> Input material:
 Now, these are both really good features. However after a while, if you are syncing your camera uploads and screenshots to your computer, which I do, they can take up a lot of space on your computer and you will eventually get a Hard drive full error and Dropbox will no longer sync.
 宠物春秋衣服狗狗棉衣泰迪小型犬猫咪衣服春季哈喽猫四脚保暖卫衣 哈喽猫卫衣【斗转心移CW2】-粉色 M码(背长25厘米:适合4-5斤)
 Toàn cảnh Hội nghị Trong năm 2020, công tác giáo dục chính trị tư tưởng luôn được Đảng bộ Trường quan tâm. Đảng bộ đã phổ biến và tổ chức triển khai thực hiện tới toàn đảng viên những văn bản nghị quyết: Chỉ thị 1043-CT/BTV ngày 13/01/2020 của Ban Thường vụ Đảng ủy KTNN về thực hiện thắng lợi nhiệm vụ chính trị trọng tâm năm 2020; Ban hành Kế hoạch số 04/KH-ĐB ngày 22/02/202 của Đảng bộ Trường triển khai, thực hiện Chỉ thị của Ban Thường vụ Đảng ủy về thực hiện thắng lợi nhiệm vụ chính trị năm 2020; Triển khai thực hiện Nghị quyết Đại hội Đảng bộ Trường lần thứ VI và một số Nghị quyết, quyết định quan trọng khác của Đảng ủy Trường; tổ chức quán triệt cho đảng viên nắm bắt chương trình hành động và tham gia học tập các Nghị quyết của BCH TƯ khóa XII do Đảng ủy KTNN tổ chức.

---

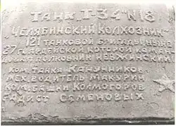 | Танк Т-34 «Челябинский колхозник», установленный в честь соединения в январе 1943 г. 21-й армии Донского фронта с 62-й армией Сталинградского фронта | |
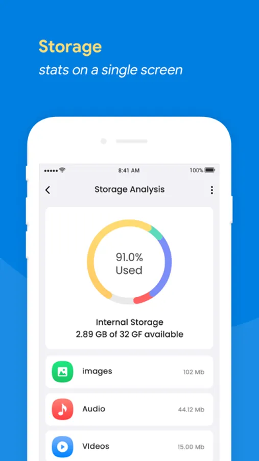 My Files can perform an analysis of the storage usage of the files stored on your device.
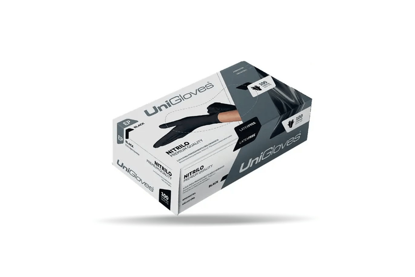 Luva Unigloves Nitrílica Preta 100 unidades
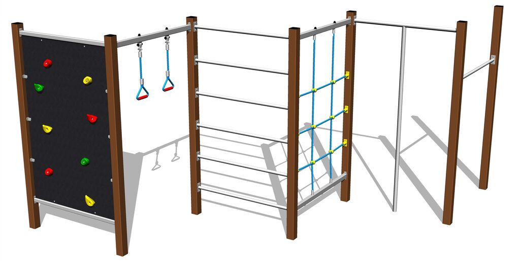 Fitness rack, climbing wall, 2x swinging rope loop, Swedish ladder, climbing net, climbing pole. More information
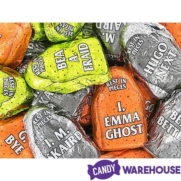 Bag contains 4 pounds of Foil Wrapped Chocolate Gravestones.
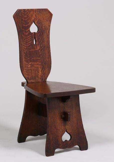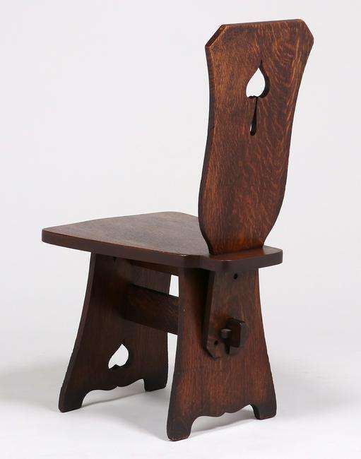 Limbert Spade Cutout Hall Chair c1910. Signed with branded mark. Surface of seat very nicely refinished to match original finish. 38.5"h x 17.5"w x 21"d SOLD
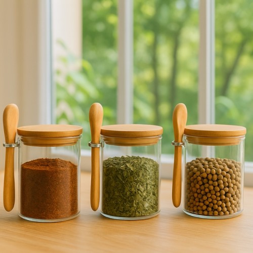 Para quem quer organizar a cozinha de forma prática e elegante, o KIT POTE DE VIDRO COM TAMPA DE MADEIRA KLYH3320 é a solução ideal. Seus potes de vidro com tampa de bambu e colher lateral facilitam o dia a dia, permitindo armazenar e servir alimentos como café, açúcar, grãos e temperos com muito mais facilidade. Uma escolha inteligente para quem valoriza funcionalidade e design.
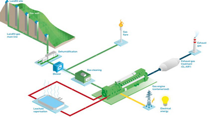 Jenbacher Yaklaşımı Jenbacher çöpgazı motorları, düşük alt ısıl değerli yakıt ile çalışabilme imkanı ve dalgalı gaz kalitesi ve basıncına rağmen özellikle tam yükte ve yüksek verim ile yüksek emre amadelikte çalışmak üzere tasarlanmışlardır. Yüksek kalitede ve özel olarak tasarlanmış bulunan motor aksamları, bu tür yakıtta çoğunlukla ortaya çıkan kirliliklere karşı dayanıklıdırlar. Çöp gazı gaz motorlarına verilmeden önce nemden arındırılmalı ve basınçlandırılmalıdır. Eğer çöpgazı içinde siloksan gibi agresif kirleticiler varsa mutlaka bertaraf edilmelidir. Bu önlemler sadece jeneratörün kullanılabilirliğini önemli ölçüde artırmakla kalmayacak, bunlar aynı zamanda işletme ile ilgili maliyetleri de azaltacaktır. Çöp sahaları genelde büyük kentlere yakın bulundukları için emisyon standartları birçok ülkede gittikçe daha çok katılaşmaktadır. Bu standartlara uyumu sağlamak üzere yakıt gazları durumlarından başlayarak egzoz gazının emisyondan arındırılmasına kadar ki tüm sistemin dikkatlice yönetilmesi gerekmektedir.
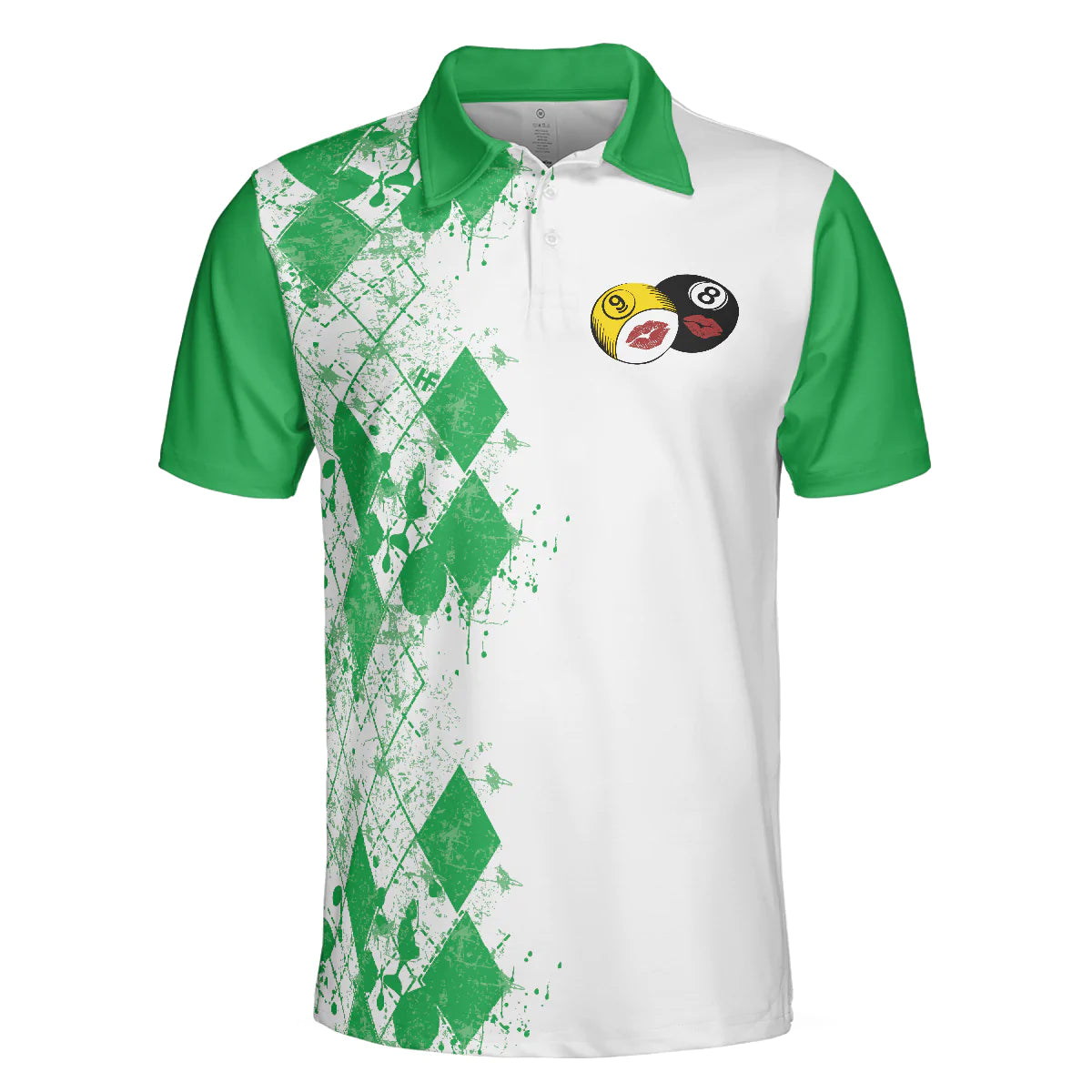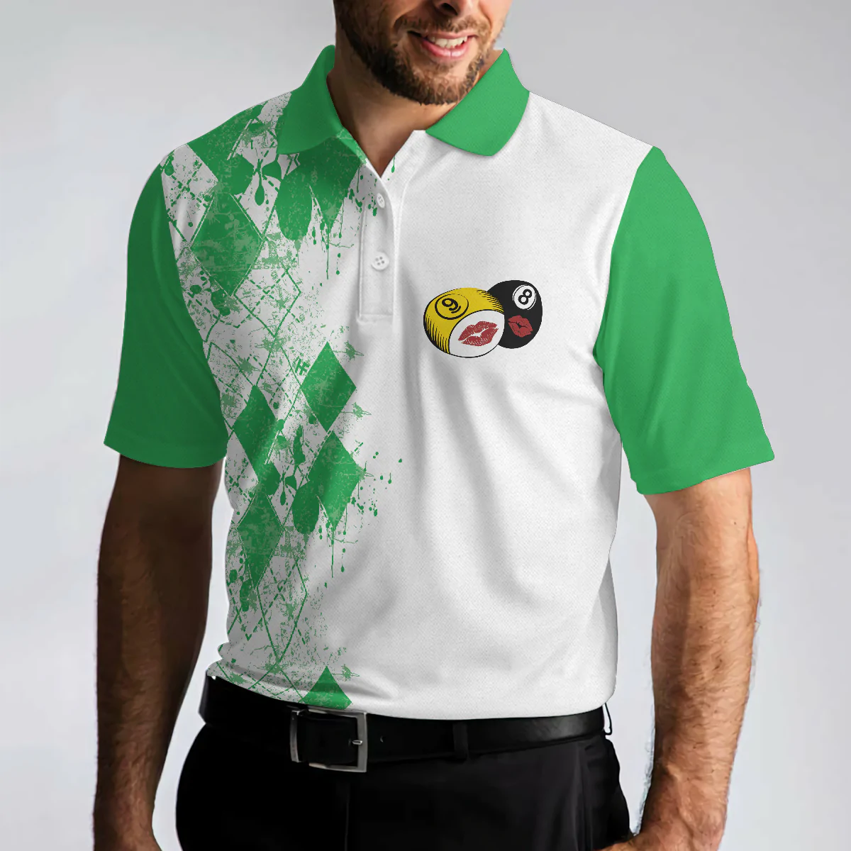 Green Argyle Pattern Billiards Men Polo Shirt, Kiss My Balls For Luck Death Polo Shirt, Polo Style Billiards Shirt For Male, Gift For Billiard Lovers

* * *

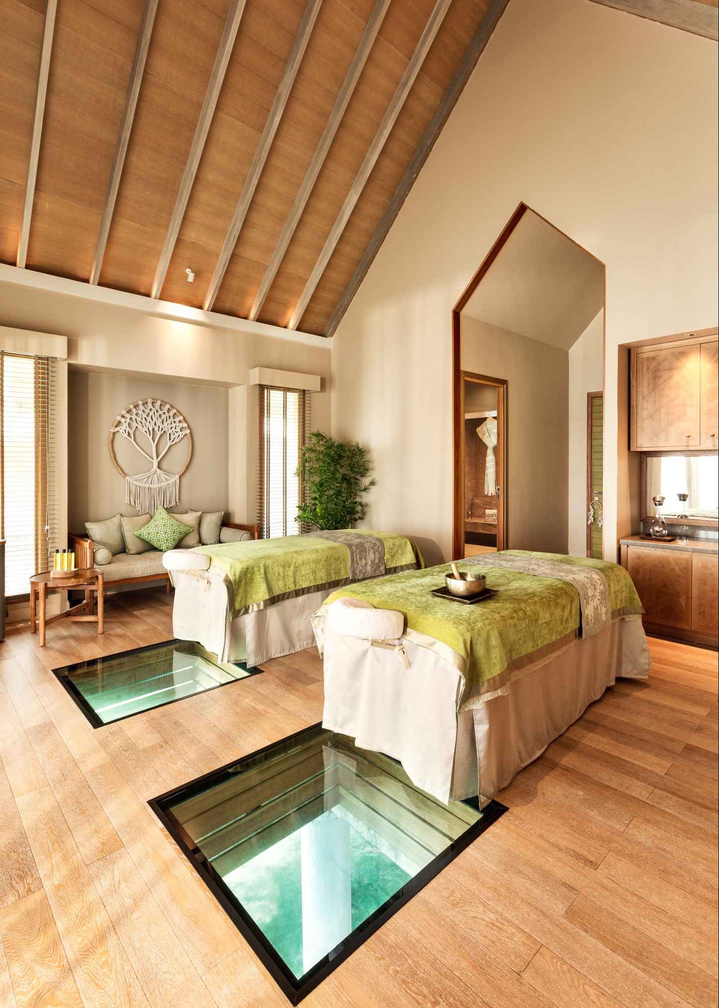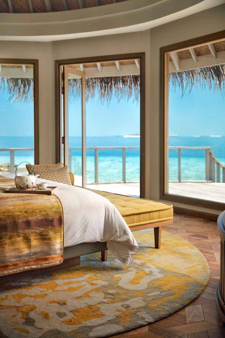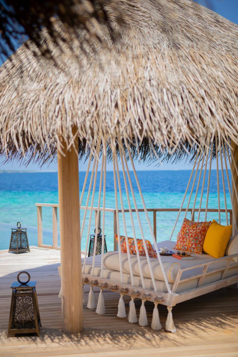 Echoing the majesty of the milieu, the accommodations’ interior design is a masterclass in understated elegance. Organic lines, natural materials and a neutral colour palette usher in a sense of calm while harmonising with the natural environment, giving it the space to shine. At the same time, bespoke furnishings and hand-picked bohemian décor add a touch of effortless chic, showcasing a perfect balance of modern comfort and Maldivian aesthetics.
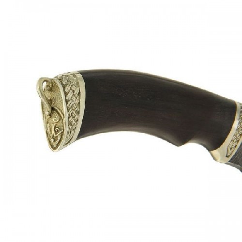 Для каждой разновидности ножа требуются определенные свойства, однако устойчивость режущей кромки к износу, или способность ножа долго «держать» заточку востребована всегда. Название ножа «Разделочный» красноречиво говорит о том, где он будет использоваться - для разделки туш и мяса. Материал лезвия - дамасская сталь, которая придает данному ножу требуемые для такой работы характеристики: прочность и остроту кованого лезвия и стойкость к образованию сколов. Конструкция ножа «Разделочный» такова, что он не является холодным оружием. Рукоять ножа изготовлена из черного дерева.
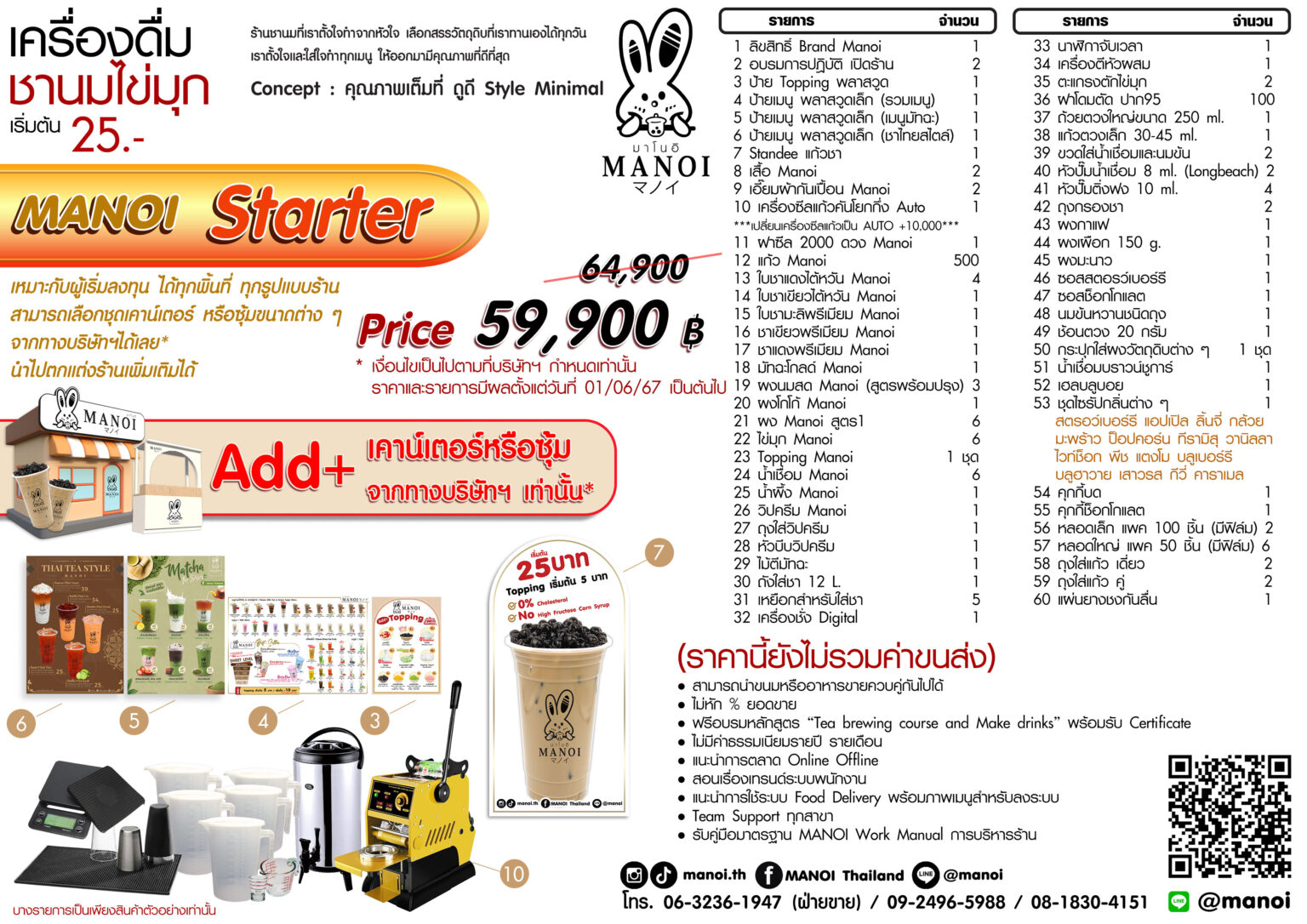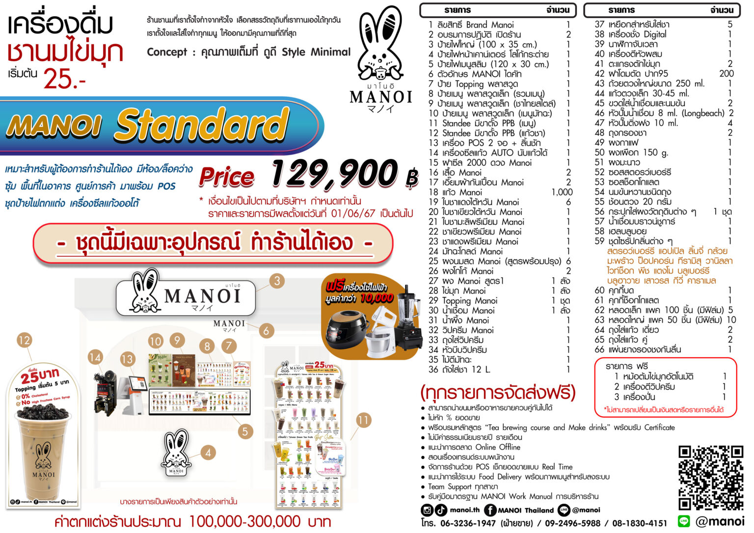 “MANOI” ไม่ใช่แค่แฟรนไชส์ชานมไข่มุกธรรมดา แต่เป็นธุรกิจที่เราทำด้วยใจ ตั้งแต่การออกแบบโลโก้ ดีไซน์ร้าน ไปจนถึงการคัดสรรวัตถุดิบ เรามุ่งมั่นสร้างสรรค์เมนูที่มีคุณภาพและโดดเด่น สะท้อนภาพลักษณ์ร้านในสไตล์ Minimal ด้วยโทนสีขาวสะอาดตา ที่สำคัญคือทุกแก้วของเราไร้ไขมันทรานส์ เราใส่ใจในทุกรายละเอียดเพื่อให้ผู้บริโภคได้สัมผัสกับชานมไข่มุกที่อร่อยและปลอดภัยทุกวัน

> Exercise directions: Exact copy, no pictures. Write out the lines in the entries above, starting with the line with "Jenbacher Yaklaşımı Jenbacher" and going on through the line with "Green Argyle Pattern", keeping both.

> Problem solution:
 Jenbacher Yaklaşımı Jenbacher çöpgazı motorları, düşük alt ısıl değerli yakıt ile çalışabilme imkanı ve dalgalı gaz kalitesi ve basıncına rağmen özellikle tam yükte ve yüksek verim ile yüksek emre amadelikte çalışmak üzere tasarlanmışlardır. Yüksek kalitede ve özel olarak tasarlanmış bulunan motor aksamları, bu tür yakıtta çoğunlukla ortaya çıkan kirliliklere karşı dayanıklıdırlar. Çöp gazı gaz motorlarına verilmeden önce nemden arındırılmalı ve basınçlandırılmalıdır. Eğer çöpgazı içinde siloksan gibi agresif kirleticiler varsa mutlaka bertaraf edilmelidir. Bu önlemler sadece jeneratörün kullanılabilirliğini önemli ölçüde artırmakla kalmayacak, bunlar aynı zamanda işletme ile ilgili maliyetleri de azaltacaktır. Çöp sahaları genelde büyük kentlere yakın bulundukları için emisyon standartları birçok ülkede gittikçe daha çok katılaşmaktadır. Bu standartlara uyumu sağlamak üzere yakıt gazları durumlarından başlayarak egzoz gazının emisyondan arındırılmasına kadar ki tüm sistemin dikkatlice yönetilmesi gerekmektedir.
 Green Argyle Pattern Billiards Men Polo Shirt, Kiss My Balls For Luck Death Polo Shirt, Polo Style Billiards Shirt For Male, Gift For Billiard Lovers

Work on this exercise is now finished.